When It’s Hard To Choose Life

by | Feb 1, 2018 | Baptism Prep, Family Life, Health, Marriage, Parenting, Prayer, Spirituality

When It’s Hard To Choose Life

Choose life – A friend from high school just celebrated her son’s 6th birthday. I remember getting a call from her when my oldest son was only a couple of months old. I was walking into work when she told me that she was pregnant. Her and her boyfriend were not planning on having a baby, yet here they were. Now this week, in honor of her son’s birthday, she posted this:

“You have made me a better person since the day you came into my life. You have taught me patience (I’ve needed lots of this at times with you!), how to view the world in a slightly different way, and a love that I didn’t know existed until the day you were born. . .Thank you for making me a mommy 6 years ago.”

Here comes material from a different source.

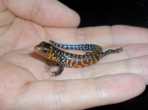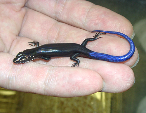 | フロリダファイブラインスキンクMS〜S | Plestiodon inexpectatus | マガイイツスジトカゲ。ニホントカゲとよく似た感じのアメリカ産スキンク。 非常によく似たコモンファイブラインスキンク(イツスジトカゲ)は時折見かけますが、本種はあまり流通しません。 コバルトブルーの尾が非常に鮮明なアンセクシュアルサイズ。メスはかなり育つまで残ります。 |
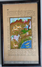 Antique Persian Islamic Illuminated Manuscript Miniature Painting Hunting Scenes

Her son wasn’t part of her plan at the time, but having him opened her up to a love she previously didn’t know existed. I know how that feels. We got pregnant with our first on our honeymoon, and when he was only was 9 months old, we got pregnant again.

When I took the pregnancy test to confirm my suspicions about being pregnant the second time around, there was a moment of elation, followed by a moment of terror, and then sunk in the depression.  We had a nine month old who had barely learned to crawl, was hardly eating solids, and definitely not sleeping through the night. Now we have to do it all over again?  I was just starting to lose my pregnancy weight and would have to pull out the maternity clothes again. We had had people living with us for the last six months, I was working part time, and my husband had just started his own business. How was this going to work?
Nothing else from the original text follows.